Question

An equiconcave lens of glass and focal length of 20 cm is halved and kept at separation of 10 mm apart with opaque rod in between as shown. A point source is placed at distance of 30 cm from lens. Fringe width of interference formed on screen for light of wavelength 400 nm is

Answer 1

0.04 mm

Answer 2

The problem describes a setup analogous to Young's double-slit experiment where the two halves of an equiconcave lens act as sources of coherent virtual images.

1. Image Formation: The lens formula is $\frac{1}{v} - \frac{1}{u} = \frac{1}{f}$. Given: Focal length $f = -20$ cm (equiconcave), object distance $u = -30$ cm. $\frac{1}{v} = \frac{1}{f} + \frac{1}{u} = \frac{1}{-20 \text{ cm}} + \frac{1}{-30 \text{ cm}} = \frac{-3 - 2}{60 \text{ cm}} = \frac{-5}{60 \text{ cm}} = \frac{-1}{12 \text{ cm}}$ The virtual images are formed at $v = -12$ cm from the lens.

2. Separation of Virtual Sources: The lateral magnification $m = \frac{v}{u} = \frac{-12 \text{ cm}}{-30 \text{ cm}} = \frac{2}{5}$. The two halves of the lens are separated by 10 mm. This separation directly translates to the separation of the virtual sources ($d$) because the point source is on the principal axis. Thus, $d = 10$ mm.

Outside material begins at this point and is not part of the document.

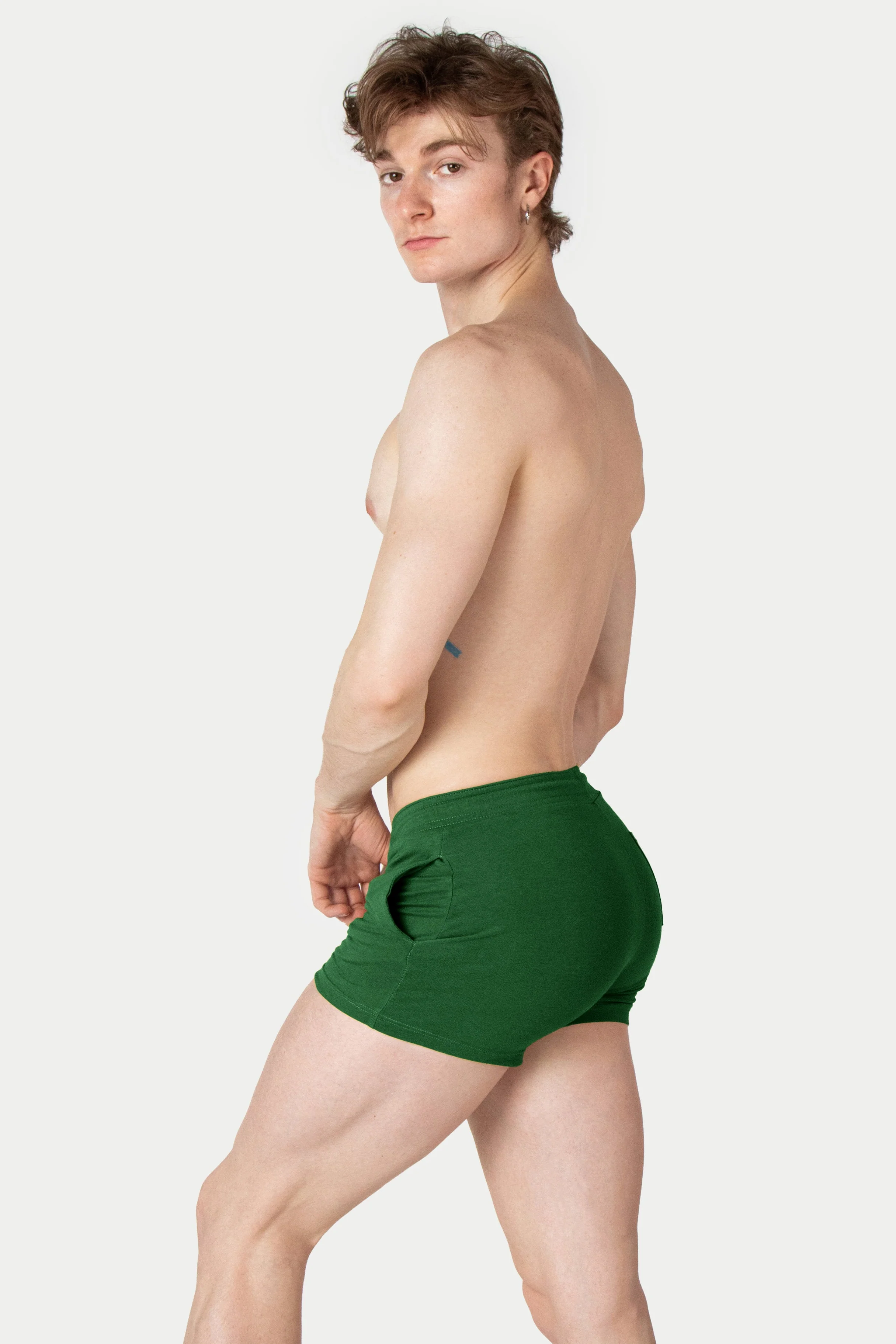 Of course, these shorts have to be ridiculously comfortable. They are made from a soft and stretchy bamboo fabric blend that really feels like a second skin. A high inseam, short legs, and fitted cut make it easy to showoff your thighs, butt, and bulge in this sexy pair. They are even equipped with large pockets, because fun shorts should be functional too!
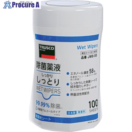 TRUSCO 除菌薬液しっかりしっとりウェットワイパー ボトル 高濃度アルコールタイプ 100枚入 ▼351-9838 JWB-58 1個

3. Distance to Screen: The virtual sources are at 12 cm in front of the lens. The screen is placed 88 cm behind the lens. The total distance from the virtual sources to the screen is $D = 12 \text{ cm} + 88 \text{ cm} = 100 \text{ cm}$.

4. Fringe Width Calculation: The fringe width $\beta$ is given by $\beta = \frac{\lambda D}{d}$. Given: Wavelength $\lambda = 400 \text{ nm} = 400 \times 10^{-9} \text{ m}$. $D = 100 \text{ cm} = 1 \text{ m}$. $d = 10 \text{ mm} = 0.01 \text{ m}$. $\beta = \frac{(400 \times 10^{-9} \text{ m}) \times (1 \text{ m})}{0.01 \text{ m}} = \frac{400 \times 10^{-9}}{10^{-2}} \text{ m} = 400 \times 10^{-7} \text{ m} = 4 \times 10^{-5} \text{ m}$ Converting to millimeters: $\beta = 4 \times 10^{-5} \text{ m} \times \frac{1000 \text{ mm}}{1 \text{ m}} = 0.04 \text{ mm}$